Please reproduce exactly the lines that begin the listing below, up to and including the line where "体育播报1月29日宣 昨日L" occurs.

## DATA FOR THE TASK
※

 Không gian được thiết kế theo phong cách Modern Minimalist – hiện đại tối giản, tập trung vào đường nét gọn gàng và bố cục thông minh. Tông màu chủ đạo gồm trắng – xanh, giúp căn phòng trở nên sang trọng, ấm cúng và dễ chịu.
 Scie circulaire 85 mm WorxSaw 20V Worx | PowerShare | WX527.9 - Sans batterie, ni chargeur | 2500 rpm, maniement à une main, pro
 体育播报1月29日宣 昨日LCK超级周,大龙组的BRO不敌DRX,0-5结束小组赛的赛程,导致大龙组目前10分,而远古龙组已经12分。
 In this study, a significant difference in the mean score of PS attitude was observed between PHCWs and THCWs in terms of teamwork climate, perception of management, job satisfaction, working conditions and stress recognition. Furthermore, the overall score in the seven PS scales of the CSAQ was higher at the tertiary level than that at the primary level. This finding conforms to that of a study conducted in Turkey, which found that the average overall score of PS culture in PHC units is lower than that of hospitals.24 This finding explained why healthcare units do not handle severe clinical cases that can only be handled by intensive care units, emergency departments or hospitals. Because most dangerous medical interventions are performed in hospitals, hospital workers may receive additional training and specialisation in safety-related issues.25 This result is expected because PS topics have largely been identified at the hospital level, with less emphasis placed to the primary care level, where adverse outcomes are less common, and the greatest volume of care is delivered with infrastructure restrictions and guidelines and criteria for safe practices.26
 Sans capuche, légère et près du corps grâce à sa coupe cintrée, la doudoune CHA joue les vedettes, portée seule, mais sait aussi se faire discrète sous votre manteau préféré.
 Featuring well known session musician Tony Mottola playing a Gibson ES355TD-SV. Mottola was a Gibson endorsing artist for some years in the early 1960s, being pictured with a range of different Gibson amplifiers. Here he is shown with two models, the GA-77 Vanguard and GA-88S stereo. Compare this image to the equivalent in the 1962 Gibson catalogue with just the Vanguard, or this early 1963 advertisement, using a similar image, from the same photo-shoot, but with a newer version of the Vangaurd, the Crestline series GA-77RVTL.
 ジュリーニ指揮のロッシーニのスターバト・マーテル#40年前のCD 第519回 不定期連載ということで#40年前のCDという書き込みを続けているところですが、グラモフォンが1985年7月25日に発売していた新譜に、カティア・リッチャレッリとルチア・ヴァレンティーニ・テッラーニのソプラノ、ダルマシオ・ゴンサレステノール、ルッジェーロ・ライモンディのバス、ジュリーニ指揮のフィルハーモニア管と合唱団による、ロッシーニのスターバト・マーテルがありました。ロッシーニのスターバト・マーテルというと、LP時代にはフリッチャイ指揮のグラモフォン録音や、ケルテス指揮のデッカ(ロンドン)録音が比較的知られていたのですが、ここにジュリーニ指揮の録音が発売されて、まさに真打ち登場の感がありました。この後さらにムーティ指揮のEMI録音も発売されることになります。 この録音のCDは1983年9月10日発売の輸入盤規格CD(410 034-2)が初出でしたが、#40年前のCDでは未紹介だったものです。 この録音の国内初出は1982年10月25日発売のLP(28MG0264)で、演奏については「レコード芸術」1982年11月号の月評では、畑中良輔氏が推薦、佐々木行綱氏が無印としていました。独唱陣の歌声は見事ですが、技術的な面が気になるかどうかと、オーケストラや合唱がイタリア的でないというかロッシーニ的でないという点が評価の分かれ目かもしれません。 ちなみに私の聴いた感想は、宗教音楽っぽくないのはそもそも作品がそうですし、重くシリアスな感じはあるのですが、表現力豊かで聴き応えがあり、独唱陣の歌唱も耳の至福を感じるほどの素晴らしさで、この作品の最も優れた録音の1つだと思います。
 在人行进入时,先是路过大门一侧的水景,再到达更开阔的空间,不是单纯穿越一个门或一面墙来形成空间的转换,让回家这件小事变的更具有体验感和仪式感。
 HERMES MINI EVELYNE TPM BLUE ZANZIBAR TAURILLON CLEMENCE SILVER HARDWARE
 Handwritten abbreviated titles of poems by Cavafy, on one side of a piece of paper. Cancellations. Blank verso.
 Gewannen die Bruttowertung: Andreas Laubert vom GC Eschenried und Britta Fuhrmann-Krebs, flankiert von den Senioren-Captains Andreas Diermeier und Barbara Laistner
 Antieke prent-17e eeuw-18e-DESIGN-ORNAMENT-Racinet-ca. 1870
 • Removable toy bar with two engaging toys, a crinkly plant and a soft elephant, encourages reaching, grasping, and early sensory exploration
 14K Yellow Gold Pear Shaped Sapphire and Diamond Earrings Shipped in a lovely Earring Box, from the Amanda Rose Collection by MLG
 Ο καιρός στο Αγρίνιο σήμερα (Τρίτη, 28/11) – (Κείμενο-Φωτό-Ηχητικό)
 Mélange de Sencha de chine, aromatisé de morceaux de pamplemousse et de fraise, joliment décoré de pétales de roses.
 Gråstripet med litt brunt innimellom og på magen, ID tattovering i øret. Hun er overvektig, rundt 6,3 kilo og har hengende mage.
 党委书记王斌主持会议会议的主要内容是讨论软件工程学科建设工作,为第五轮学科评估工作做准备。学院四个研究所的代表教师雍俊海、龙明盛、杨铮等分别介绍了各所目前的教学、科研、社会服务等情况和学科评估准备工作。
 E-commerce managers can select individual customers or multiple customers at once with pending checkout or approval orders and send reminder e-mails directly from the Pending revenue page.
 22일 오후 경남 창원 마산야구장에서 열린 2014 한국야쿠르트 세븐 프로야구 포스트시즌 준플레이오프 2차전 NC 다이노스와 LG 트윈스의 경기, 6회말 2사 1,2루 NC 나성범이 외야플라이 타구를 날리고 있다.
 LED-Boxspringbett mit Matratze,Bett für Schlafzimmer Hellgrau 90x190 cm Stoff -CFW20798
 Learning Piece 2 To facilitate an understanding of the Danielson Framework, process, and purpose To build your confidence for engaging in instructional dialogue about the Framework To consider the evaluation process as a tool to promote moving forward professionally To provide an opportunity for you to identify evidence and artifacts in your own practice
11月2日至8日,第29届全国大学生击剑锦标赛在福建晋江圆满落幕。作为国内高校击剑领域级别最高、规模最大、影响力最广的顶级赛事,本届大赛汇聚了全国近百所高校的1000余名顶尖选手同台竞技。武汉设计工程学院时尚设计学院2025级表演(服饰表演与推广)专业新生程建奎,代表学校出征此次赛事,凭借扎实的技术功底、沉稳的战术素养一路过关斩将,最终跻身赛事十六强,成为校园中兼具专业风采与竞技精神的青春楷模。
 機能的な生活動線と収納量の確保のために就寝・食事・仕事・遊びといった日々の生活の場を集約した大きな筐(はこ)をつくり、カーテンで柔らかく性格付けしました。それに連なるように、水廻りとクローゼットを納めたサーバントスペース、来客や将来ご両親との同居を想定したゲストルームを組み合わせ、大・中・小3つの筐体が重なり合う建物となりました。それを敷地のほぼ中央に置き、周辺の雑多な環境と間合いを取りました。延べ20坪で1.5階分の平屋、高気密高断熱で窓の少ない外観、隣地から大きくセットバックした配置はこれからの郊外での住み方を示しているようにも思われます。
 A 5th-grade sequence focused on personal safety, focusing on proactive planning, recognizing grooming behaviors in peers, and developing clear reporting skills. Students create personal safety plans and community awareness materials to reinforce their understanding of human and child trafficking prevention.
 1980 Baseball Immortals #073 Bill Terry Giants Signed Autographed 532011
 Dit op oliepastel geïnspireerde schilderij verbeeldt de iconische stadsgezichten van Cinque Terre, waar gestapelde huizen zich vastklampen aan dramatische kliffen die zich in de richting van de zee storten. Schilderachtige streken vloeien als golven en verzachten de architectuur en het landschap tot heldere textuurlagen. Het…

※

## SOLVED PROBLEM
 Không gian được thiết kế theo phong cách Modern Minimalist – hiện đại tối giản, tập trung vào đường nét gọn gàng và bố cục thông minh. Tông màu chủ đạo gồm trắng – xanh, giúp căn phòng trở nên sang trọng, ấm cúng và dễ chịu.
 Scie circulaire 85 mm WorxSaw 20V Worx | PowerShare | WX527.9 - Sans batterie, ni chargeur | 2500 rpm, maniement à une main, pro
 体育播报1月29日宣 昨日LCK超级周,大龙组的BRO不敌DRX,0-5结束小组赛的赛程,导致大龙组目前10分,而远古龙组已经12分。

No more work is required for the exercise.